This is 100% going to kill the home built pc market. When I started building gaming pcs, the top top card was 750$ (NZD). Now they’re 10,000 just for the gpu and another 1-2000 for ram.
People used to get into gaming pcs as an affordable hobby, now it’s making general aviation look like plan B.
This has already happened. Home PC market is practically dead already due to memory, ssd and graphics card price inflation. Makers of components like PC cases and power supplies etc. are seeing demand down 30-40% year over year and this is going to put many suppliers out of business. NVDIA has stopped even listing gaming revenue on their earnings reports. Both NVDIA and AMD are not seriously interested in supplying the consumer GPU market anymore either.

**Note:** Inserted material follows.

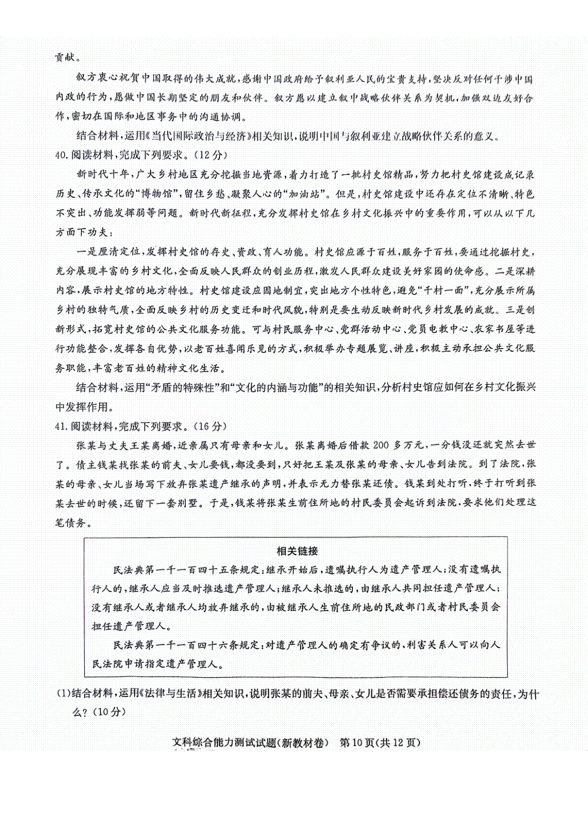 一、2024届3月华大新高考联盟高三文综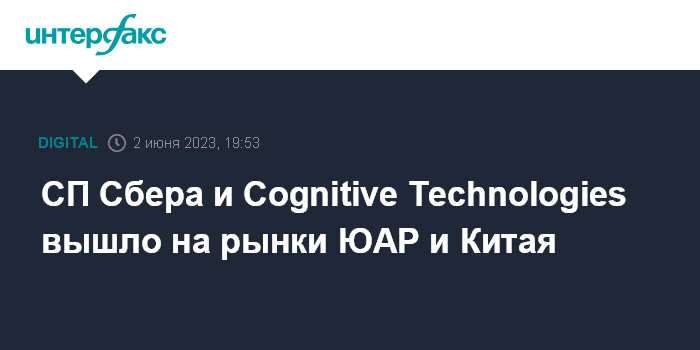 СП Сбера и Cognitive Technologies вышло на рынки ЮАР и Китая

The only hope left is really Apple, but even apple has conspicuously delayed the launch of M5-gen mac minis and mac studio. Mostly because even Apple can't source enough DRAM to fully supply all their product lines.
Indeed, Gamers Nexus is doing interviews with PC component manufacturers, and some are hurting bad right now. The PC market is no longer in competition, but rather survival mode. =3
It might kill the console gaming market, too. Typically consoles get cheaper over time post-release. Instead, all the latest gen consoles are getting price hikes and at least one company is potentially pushing back the next gen release (PS6). A PlayStation 5 for $900? I'll just wait and be happy with my perfectly usable Switch 1 (since the 2 is also more expensive than it should be).
there's much more than triple A video-games running at 240 Hz on Ultra settings... a 200 USD laptop/computer has enough power to run hundreds of interesting indie games and AAA from the past
My 2019 gaming PC is considered unusable ewaste by most pc gamers. The RX5700 XT GPU is super cheap second hand right now and I've been able to play every game I want including new releases like Kingdom Come Deliverance II on great settings with no noticeable issues.
You don't even have to drop down to old indie games. You just have to turn off the FPS counter and stop pixel peeping screenshots.
You can still play fantastic games with amazing gameplay, great storytelling, and even requiring quite a GPU. But you won't upgrade your GPU or RAM. If it gets broken, people have already gotten their money back instead of replacement (whether that is legal or not, depends on your jurisdiction, and regardless: it is happening). So the demand and adoption of say 240 Hz 4k OLED gaming is going to slow. I currently sport two 1440p IPS capable of 144 Hz, with an AMD 6700 XT, 64 GB DDR4, and a 5700X3D. I'll wait upgrading that to a 4k rig.
What I will do is buy a Nintendo Switch 2 before the price increase hits. Why? Great gameplay for kids.
Prices haven't risen THAT much and are quite affordable. And if you look at the improved quality of upscalers (DLLS 4.5 for example), gaming is now more affordable than ever, despite the increased cost of components.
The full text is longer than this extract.